When the UK left the EU on 1 January 2021, it essentially became a third country. Logically, this would then mean that it should be treated as a third country also from the perspective of GDPR compliance and, specifically, Articles 44-49 thereof on international data transfers. This was also the line of thought underlying the original Brexit Statement that the European Data Protection Board adopted on 15 December 2020, which was superseded by a new statement on 13 January 2021.
Theoretically, also considering the recent Schrems 2 case law by the European Court of Justice, this would have meant that as of January all data transfers from the EU to UK would have to be halted, unless covered by one of the (remaining) safeguards or derogations that Articles 45 to 49 of the GDPR foresee.
As on many other aspects of Brexit, the EU-UK Trade & Co-operation Agreement (Brexit Agreement) gives parties some comfort.
It is generally accepted that the UK (which has essentially copy pasted the GDPR into its 2018 UK data protection act) will benefit from an adequacy decision by the European Commission before summer. Such decision (adopted by the Commission following the comitology procedure) will allow data transfers from the EU to the UK to be covered “as if” they happen intra-community and would mirror a similar decision already taken by the UK to allow for data transfers from the UK into EU/EEA territory.
In order to “bridge the gap” between now and then, the Brexit Agreement provides a stay of execution until 1 May 2021, by essentially prolonging the transitional period as relating to data transfers until then.
If no adequacy decision has been issued by that date, then there is a further automatic extension, until 1 July 2021, unless either the UK or the EU would object to that. According to most observers (and sources within the European Commission), an adequacy decision in favor of the UK should be adopted by then.
This arrangement is conditional on the UK not amending its data protection legislation or exercising certain “designated powers” during this period (i.e., doing anything new relating to data transfers). If the UK does want to take action during this period, then it can do so with the approval of the Partnership Council (the regulatory body that the Brexit Agreement created to oversee its implementation). There is an exception for UK amendments which are limited to changes to align rules with those applicable in the EU. In December 2020, the European Commission has published a draft implementing decision relating to new standard contractual clauses for data transfers. If the EU adopts these new clauses (which they are likely to do by March 2021 following the present consultation period), this exception would allow the UK to adopt the same updated clauses, should it wish to do so.

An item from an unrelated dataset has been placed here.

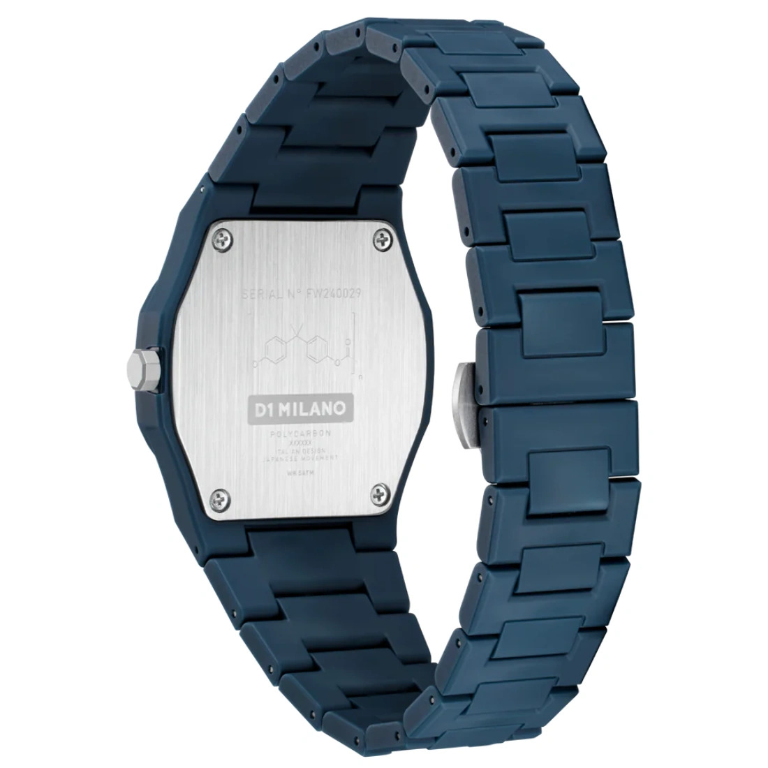 Nuevo icono azul monocromático. Diseño sencillo pero innovador, con una caja de 37 mm y un diseño renovado. El policarbonato, ligero y resistente, garantiza una comodidad perfecta en la muñeca, tanto para hombre como para mujer, haciéndolo perfecto para el día a día, a la vez que mantiene un aspecto robusto y duradero.

While all of this can be welcomed as good news in terms of business continuity for many enterprises doing business across the Channel, the EDPB points out in its above referenced statement on this topic that, as the UK is no longer an EU Member State, UK based controllers and processors whose processing activities are subject to the application of the GDPR under Article 3(2) GDPR are required to designate a representative in the Union in accordance with Article 27 of the GDPR. The representative may be addressed by supervisory authorities and data subjects on all issues related to processing activities in order to ensure compliance with the GDPR.
Another very concrete and rather immediate consequence of the UK leaving the EU fold concerns binding corporate rules (BCRs) that multinationals may leverage to ensure the efficient transfer of data between their affiliates across jurisdictions. Organisations which rely on BCRs for their data transfers will need to adjust their BCRs so that they meet both EEA and UK requirements. Recent Brexit related legislation in the UK requires organisations which have BCRs which were approved under the GDPR, by an authority other than the Information Commissioner, to resubmit their BCRs to the British privacy watchdog (Information Commissioner’s Office - ICO) by 31st June 2021.
Speaking of which, the ICO is no longer a data protection authority that can partake in the GDPR One-Stop-Shop (OSS) mechanism for overseeing cross-border data processing activities. This too will have an impact on the way data protection between the EU and UK is handled going forward.
In summary, while the Brexit Agreement and the prospect of an adequacy decision before summer give some level of comfort to businesses and privacy professionals grappling with the data protection fall-out of Brexit, there are several considerations on post-Brexit GDPR to be taken into account if your company transfers personal data across the Channel. As always, it is advisable to seek expert legal advice on how these affect your business.